* WHAT IS EXPECTED *
The whole listing, apart from its images, should be restated word for word.

* DATA BLOCK *
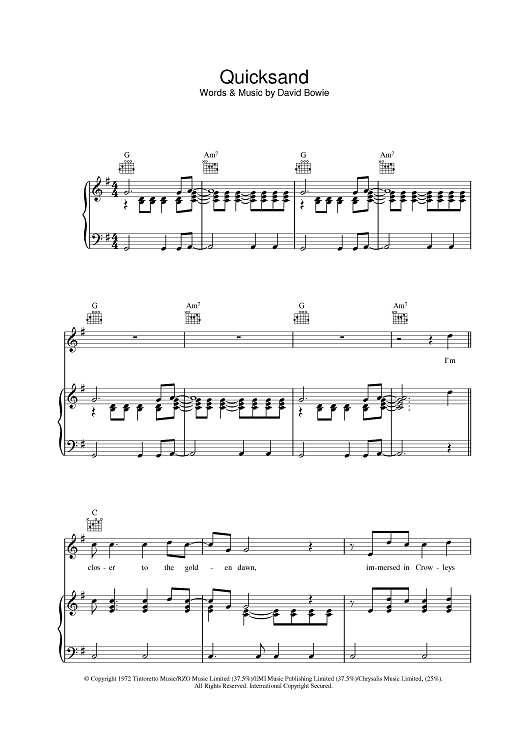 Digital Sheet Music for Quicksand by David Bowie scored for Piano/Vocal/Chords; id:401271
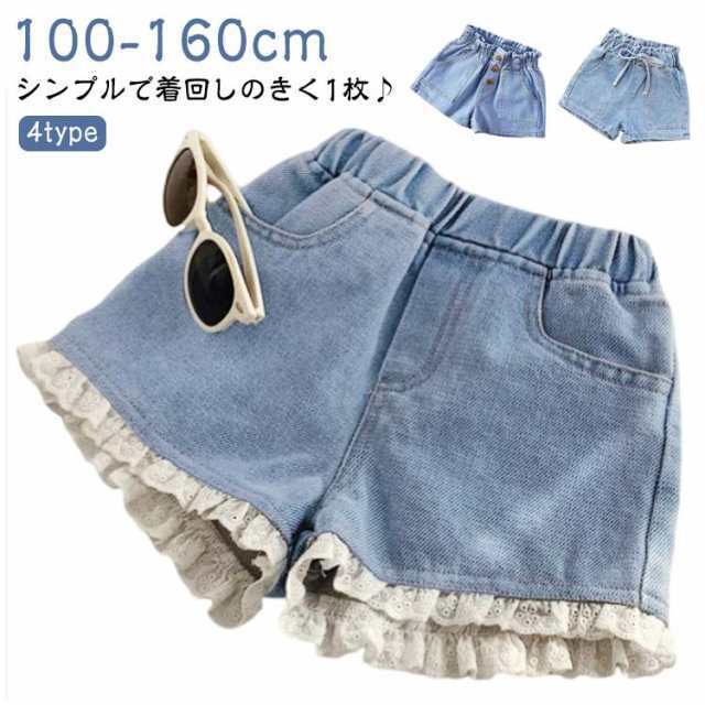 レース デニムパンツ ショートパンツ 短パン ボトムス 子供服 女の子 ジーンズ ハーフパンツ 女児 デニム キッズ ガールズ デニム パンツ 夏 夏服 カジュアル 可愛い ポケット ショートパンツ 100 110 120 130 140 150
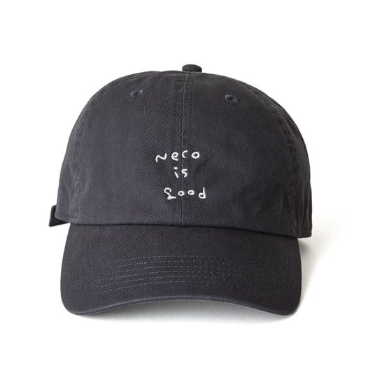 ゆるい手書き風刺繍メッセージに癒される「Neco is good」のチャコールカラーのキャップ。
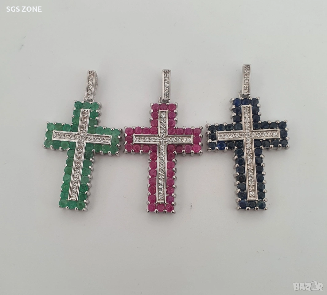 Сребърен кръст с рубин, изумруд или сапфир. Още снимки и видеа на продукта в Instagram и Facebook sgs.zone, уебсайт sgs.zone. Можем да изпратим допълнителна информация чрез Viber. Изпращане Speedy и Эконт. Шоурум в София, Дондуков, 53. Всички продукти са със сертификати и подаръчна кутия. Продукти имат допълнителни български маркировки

* EXERCISE RESPONSE *
 Digital Sheet Music for Quicksand by David Bowie scored for Piano/Vocal/Chords; id:401271
 レース デニムパンツ ショートパンツ 短パン ボトムス 子供服 女の子 ジーンズ ハーフパンツ 女児 デニム キッズ ガールズ デニム パンツ 夏 夏服 カジュアル 可愛い ポケット ショートパンツ 100 110 120 130 140 150
 ゆるい手書き風刺繍メッセージに癒される「Neco is good」のチャコールカラーのキャップ。
 Сребърен кръст с рубин, изумруд или сапфир. Още снимки и видеа на продукта в Instagram и Facebook sgs.zone, уебсайт sgs.zone. Можем да изпратим допълнителна информация чрез Viber. Изпращане Speedy и Эконт. Шоурум в София, Дондуков, 53. Всички продукти са със сертификати и подаръчна кутия. Продукти имат допълнителни български маркировки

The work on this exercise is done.